The summer of 2021 has had many weather extremes: from hot dry weather in western Canada and the U.S. to heavy rains in New Brunswick and Europe, he said.

"When this happens in the wintertime, we call it a polar vortex. But the same weather extreme, a strong upper level low, can also happen during the summer," Schrader explained.

For the Moose Cree community, that means changes.

Some of those changes noticed by Elders included sightings of unusual birds that have never been seen on the island before, polar bears visits, belugas coming in mid-summer looking for food, and some trees already changing the colour of the leaves, Richard said.

“It’s gotten to the point where (seasons) blend together in such a way that we question (it),” he said during Tuesday's event. “I, for once, firmly believe this is due to climate change.”

The first part of energy literacy is having an understanding of the nature and role of energy in the world and daily lives, Schrader said. The second part is the ability to apply this understanding to answer questions and solve problems.

“Learning about and then installing solar panels and using LED lights to conserve energy are excellent examples of energy literacy in action. But it is so much more because energy impacts our everyday lives, our society, and our culture,” he said.
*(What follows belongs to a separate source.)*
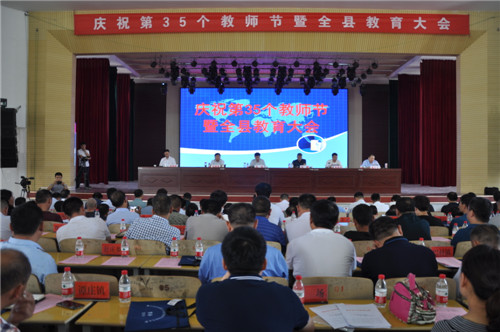9月9日上午,商水縣召開慶祝第35個(gè)教師節(jié)暨全縣教育工作大會(huì)。縣長田林,縣委副書記、政法委書記張峰,縣人大 常委會(huì)主任李德來,縣政協(xié)主席孫培忠,縣委常委、常務(wù)副縣長胡國勝,副縣長單正義等出席會(huì)議。

The first stage of the project is funded by Natural Resources Canada through the Clean Energy for Rural and Remote Communities (CERRC) program under a Capacity Building stream.

The project runners also plan to partner with a local startup business to champion energy literacy initiatives with the community.
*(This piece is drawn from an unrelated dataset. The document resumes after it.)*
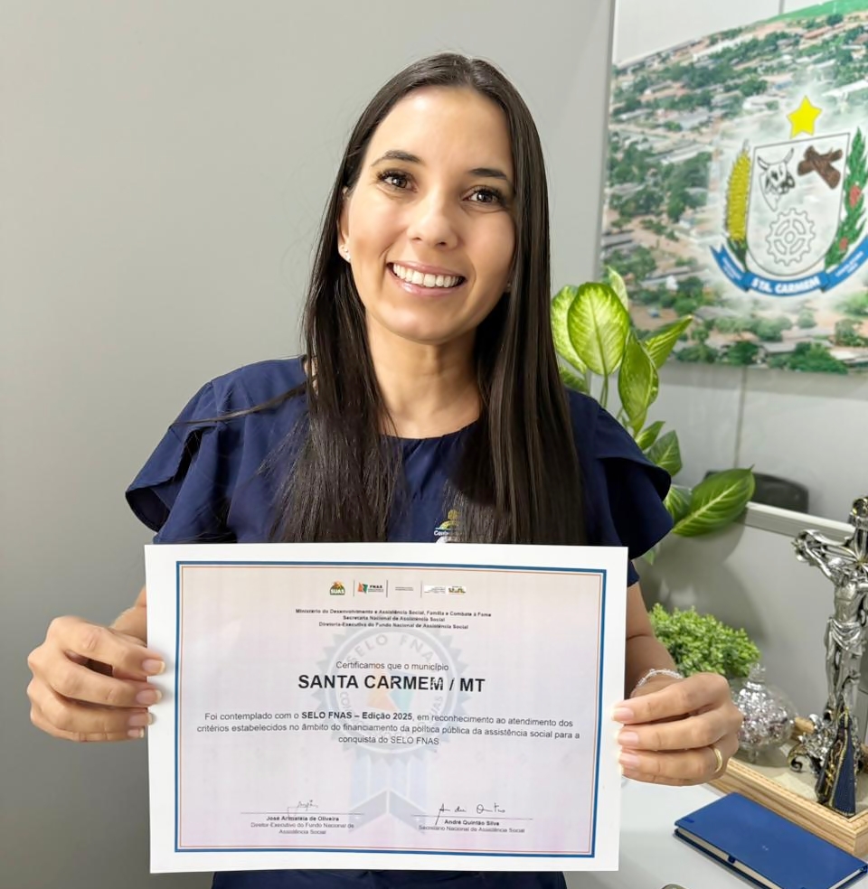 A Prefeitura de Santa Carmem, por meio da Secretaria Municipal de Assistência Social, conquistou o Selo FNAS – Edição 2025, certificação concedida pelo Fundo Nacional de Assistência Social (FNAS) a estados e municípios que demonstram excelência na gestão dos recursos do Sistema Único de Assistência Social (SUAS).

This spring, the organizers held three online and in-person info sessions with schools in Moose Factory and Moosonee.

Schrader said they talked about the energy project Moose Cree is involved in and its participation in the Lower Mattagami River project along with Hydro One. They also talked about solar power and energy conservation, and encouraged students to ask questions and be more curious about renewable energy and energy use.

The next step would be working on a specific idea or project that community members might have.

“Right now, people have lots of ideas and what we’re trying to do is give them information, so they can make informed decisions from there,” Schrader said. “Right now, we’re very much at the idea stage.”